I realized last night that this won't work.  Simple reason -- during an inout function, the function promises to treat the arguments as if they were const.

If your class instance was mutable, this would not be true, e.g.:

class C
{
   int x;
   void bar(void delegate(inout(int)* f) inout { f(&x); }
}

void main() {

   auto c = new C;
   void dg(int *f) {*f = 10;}
   c.bar(&dg); // modifies c, even though the function is marked as inout
}

-Steve

On 09/08/2010 02:24 PM, Steven Schveighoffer wrote:
> On Tue, 07 Sep 2010 14:06:58 -0400, Steven Schveighoffer
> <schveiguy@yahoo.com> wrote:
>
>> On Tue, 07 Sep 2010 11:37:20 -0400, Pelle <pelle.mansson@gmail.com>
>> wrote:
>>
>>> On 09/07/2010 04:33 PM, Steven Schveighoffer wrote:
>>>> Yes, a valid return. Your function should be:
>>>>
>>>> void foo(void delegate(const(C) f) const
>>>>
>>>> It helps to understand that inout/const/immutable has NOTHING to do
>>>> with
>>>> code generation, it only has to do with limiting what compiles. For
>>>> this
>>>> reason, an inout function is compiled once, and works on all three
>>>> constancies (4 if you have a nested inout function). For the entire
>>>> function any inout variable is treated as a non-changeable value, just
>>>> like const. Then when you return, it's converted at the call site back
>>>> to the constancy with which it was called.

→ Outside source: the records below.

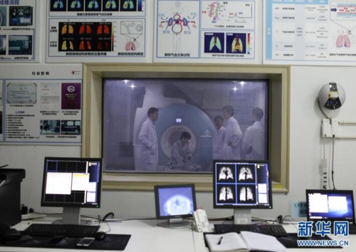 在中科院武汉物理与数学研究所波谱与原子分子物理国家重点实验室,周欣在人体成像仪前检查受试患者准备情况(4月18日摄)。新华社记者 金立旺 摄
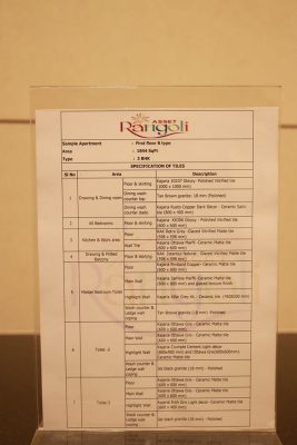 High-quality vitrified tiles with vitrified skirting for Living, Dining and Bedrooms. Antiskid/matt tiles - ceramic/vitrified for Kitchen, Balcony and Toilets. Entrance lobby, Staircase & Common areas will be of granite/vitrified flooring.
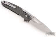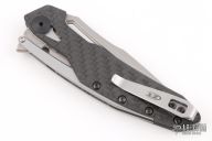 This ZT is reliably strong thanks to its steel construction. Other elements pay homage to the original 0999, including an exposed “floating bridge” near the top of the handle, carbon fiber scales with a front steel overlay, and cutout windows in the blade and near the pivot. Instead of a ZT logo on the blade itself, the words “Zero Tolerance” are subtly embossed into the backspacer. The CPM-20CV blade offers excellent edge retention and opens reliably with KVT ball bearings. Includes the original box and papers. Ser 3445. Excellent Condition.
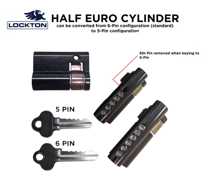LOCKTON 496-5-BLK, Half EURO fixed cam cylinders are a 6pin C4 cylinder, Suitable for use in fixed cam locks that require a Half EURO Fixed cam cylinder.

If the return value is void,
>>>> then there's nothing to convert, and no reason to use inout over const.
>>>>
>>>> I'll repeat -- there is no benefit to inout if you are not returning
>>>> anything.
>>>>
>>>> -Steve
>>>
>>> That's not an equivalent function signature. Or maybe it is, but look
>>> at this (sorry it's so long):
>>>
>>> class C {
>>> int x;
>>> this(int y) { x = y; }
>>>
>>> inout(int*) foo() inout {
>>> return &x;
>>> }
>>> void bar(void delegate(int*) f) {
>>> f(&x);
>>> }
>>> void bar(void delegate(const(int*)) f) const {
>>> f(&x);
>>> }
>>> void bar(void delegate(immutable(int*)) f) immutable {
>>> f(&x);
>>> }
>>> }
>>>
>>> void main() {
>>>
>>> immutable(int)* wah;
>>> void wahwah(immutable(int*) x) {
>>> wah = x;
>>> }
>>> auto c = new immutable(C)(10);
>>> wahwah(c.foo); // why is this privilegied with inout
>>> c.bar(&wahwah); // and this not?
>>>
>>> writeln(*wah);
>>>
>>> }
>>>
>>> Can't use void delegate(const(int*)) there.
>>
>> Thanks for clarifying, I didn't quite understand the usage before.
>>
>> This is a limitation of inout's design. Technically inout requires a
>> single inout output, and can have multiple inout inputs. Your example
>> matches that description, so in theory it's possible.
>
> I realized last night that this won't work. Simple reason -- during an
> inout function, the function promises to treat the arguments as if they
> were const.
>
> If your class instance was mutable, this would not be true, e.g.:
>
> class C
> {
> int x;
> void bar(void delegate(inout(int)* f) inout { f(&x); }
> }
>
> void main() {
>
> auto c = new C;
> void dg(int *f) {*f = 10;}
> c.bar(&dg); // modifies c, even though the function is marked as inout
> }
>
> -Steve

Well, inout was conceived as a counter to where you need to write the exact same function for every type of constness, was it not? :-)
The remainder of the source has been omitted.